TASK = Count how many lines of the material below have the word "Curitiba" and give only the number.

'''

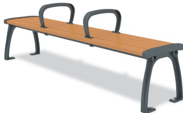
RBA-1462 (W=1800) ¥165,000+消費税
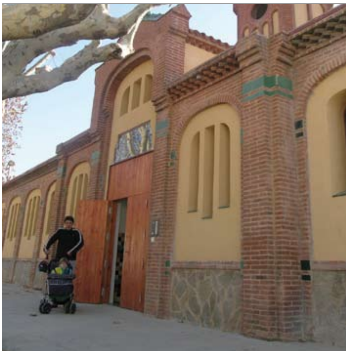
ESCOLA BRESSOL MUNICIPAL ELS MENUTS
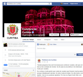
Figura 11 - Página do meme Prefeitura de Curitiba.

E por último a página oficial Prefeitura de Curitiba 30 (figura 11), órgão público do município de Curitiba, possui, segundo dados disponibilizados no Facebook, possui quase 700 mil curtidas e seu último meme, postado no dia 29 de outubro de 2015, possui mais de 400 curtidas e 32 compartilhamentos.
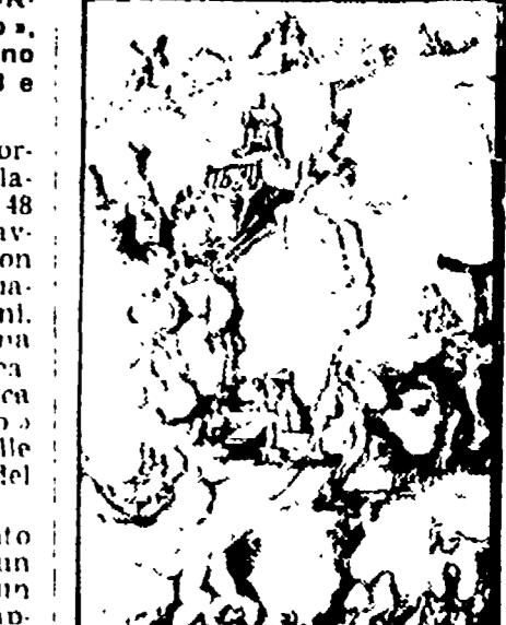
Raffaele Leomporri: «Studio per la spiaggia», 1963
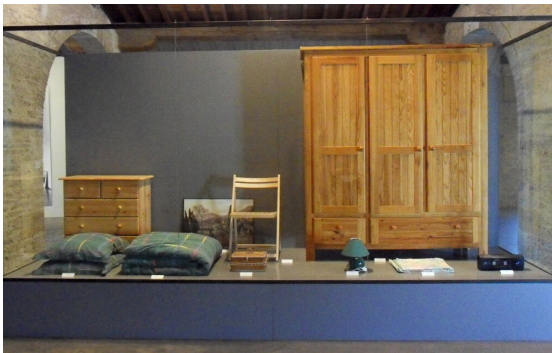
Boltanski, Objets ayant appartenu à une jeune fille de Bordeaux, 1973 - 1990

De quoi cette œuvre est-elle composée ? Comment est-elle organisée ?
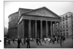
Pantheon, Rome - Photo by Ricardo André Frantz Converted to greyscale Creative Commons Attribution ShareAlike 2.5
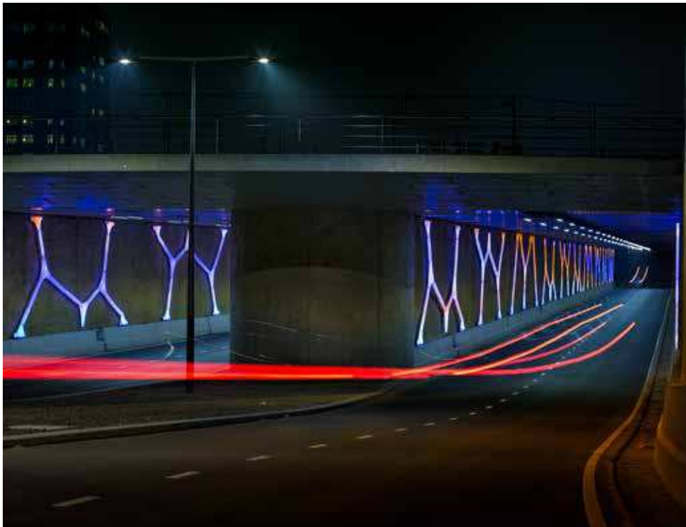
DOLMEN LIGHT TUNNEL

Ook Juicy Lights is een beweeglijke lichtsculptuur die contact zoekt met de wandelaar in de straat. Boven de straat hangende druiventrossen lekken druppels licht op de mensen die er onderdoor lopen. De passanten zetten de sculpturale lichtbronnen in beweging. Niet alleen verandert de lichtkleur binnen de druiventrossen, waarmee ze op elkaar reageren, ook projecteren de hangende sculpturen licht op de straat. Daarmee refereert Ex aan het rijpen van de druiven, het zonlicht dat door de vruchten wordt opgenomen, waardoor ze sappiger en zoeter worden.
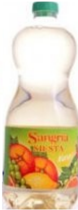
005-0700-012 Siesta Sangria Wit € 4,30 1,5 Liter
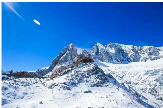
Núi tuyết Ngọc Long

'''

TASK RESULT = 2